Film is not unique in this; but the romantic notion of the Artist generally identifies a single creator. The painter, working mostly alone; or a sculptor; or the ink-stained wretch of a writer. The notion persists even in more plainly group efforts such as dance or music-making. In film, we have the venerable "auteur theory" to inject the notion of the singular creative genius into the plural activity of filmmaking; a single unifying vision that corrals and subjugates the collective action to its command, thereby deserving of the title Author.

The power of that supposedly individual vision to so subjugate the work of a battalion of artists is generally directly related to the perceived quality of the final product, deserved or not. Directors get the lion's share of credit, although few of them, in the history of film, have ever had such complete control.

But this is the dream. The dream of the auteur is that it might be possible to truly create individually the precise vision in their mind's eye, without the need to bend other artists to their will. Traditional filmmaking renders this dream ludicrous. But the promise of AI filmmaking is the realization of the dream; ultimately, the ability to create an entire movie by yourself.

In the last month I have rewatched both Miyazaki and Studio Ghibli's Spirited Away (2001) and Docter and Pixar's Inside Out (2015), both of them masterpieces of animation. In great animation it is possible to glimpse the dream of the solo-auteur—a purity of vision unconstrained by the base realism of live-action cinema—even though, of course, animated films are among the most expensive and human-resource intensive of all.

But it is possible now to imagine a time in the not-too-distant future when anyone with the vision and storytelling chops will be freed from the need for collaborators entirely. This creator is someone I've long-imagined, perhaps even before I read the memorable phrase "Garage Kubrick" in some long-ago essay. The idea of the obsessive auteur, finally able to perfectly realize her vision, alone, perhaps in her garage.

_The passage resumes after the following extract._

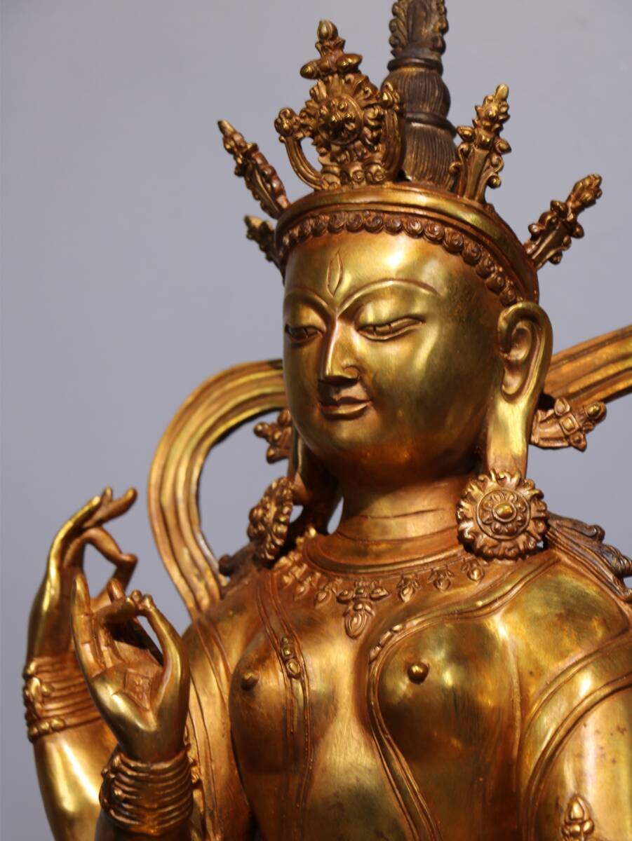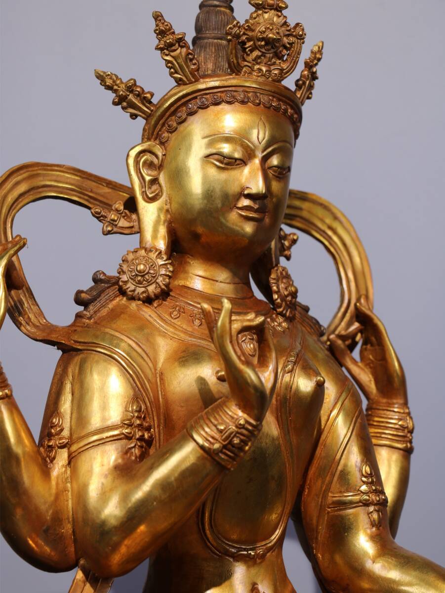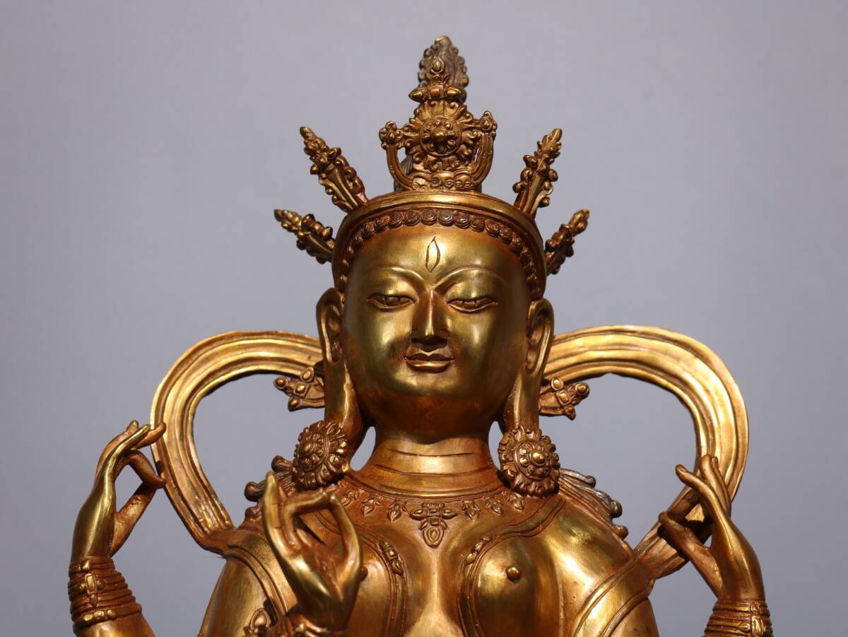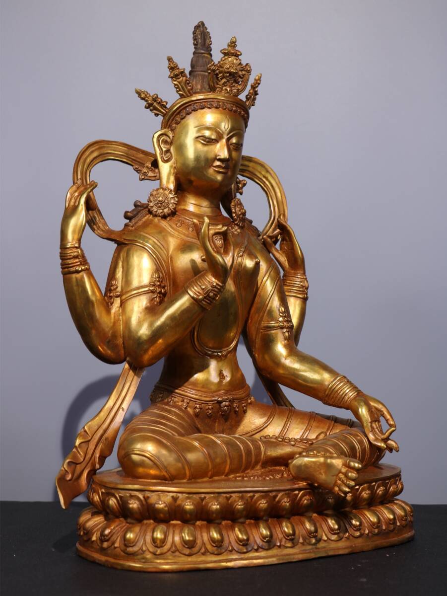 旧蔵 清 純銅塗金仏像【四臂觀音菩薩】 奉納されていた 供養品 銅製品 極細工 中国古玩 骨董品 古美味 206-01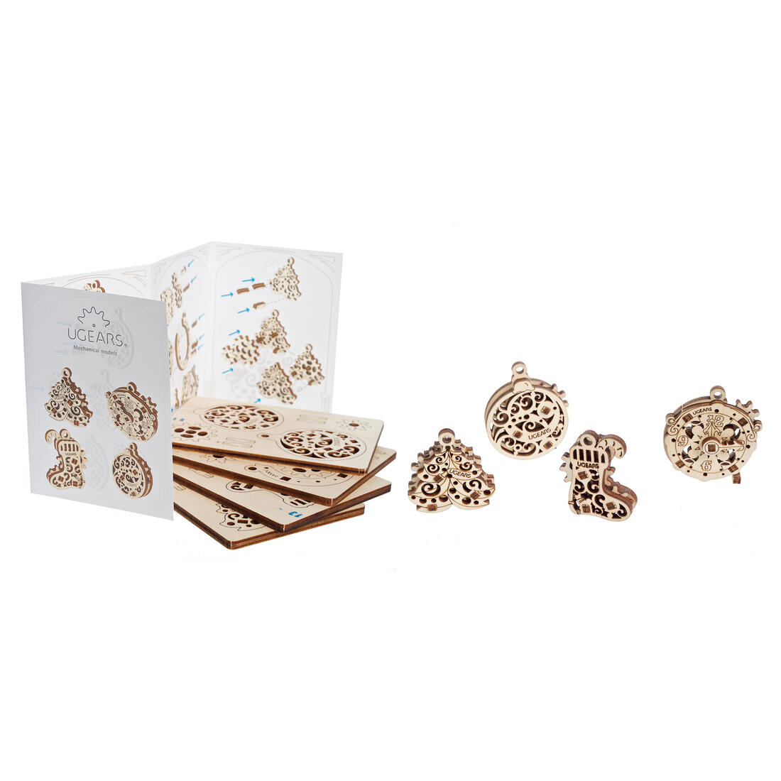 Versier je kerstboom feestelijk, nadat je deze kleine modellen hebt gebouwd. Deze set bestaat uit een miniatuur kerstbal, klok, kerstboom en sok. Natuurlijk met bewegende radertjes.

The term appeared—as I've just now rediscovered via Google—in a piece from October 1999 in Wired magazine written by no-less a futurist than William Gibson, who had toyed with the phrase in relation to a character he subsequently deleted from the book he was writing at the time. He was struggling a little to understand such a character, but then he attended, with his daughter, a private screening of early works of digital cinema at Hollywood's Chateau Marmont, and the vision for the character became a little clearer.

The Garage Kubrick is a stone auteur, an adolescent near-future Orson Welles, plugged into some unthinkable (but affordable) node of consumer tech in his parents' garage. The Garage Kubrick is single-handedly making a feature in there, some sort of apparently live-action epic that may or may not involve motion capture. That may or may not involve human actors, but which will seem to.

The Garage Kubrick is a control freak to an extent impossible any further back along the technological timeline. He is making, literally, a one-man movie; he is his film's author to the degree that I had always assumed any auteur would want to be.

And he will not, consequently, come out of the garage. His parents, worried at first, have gone into denial. He is simply in there, making his film. Doing it the way my friend assumed Stanley Kubrick would have done it if he'd had the tech wherewithal.

Prescient, as always, Gibson's vision is about to come true.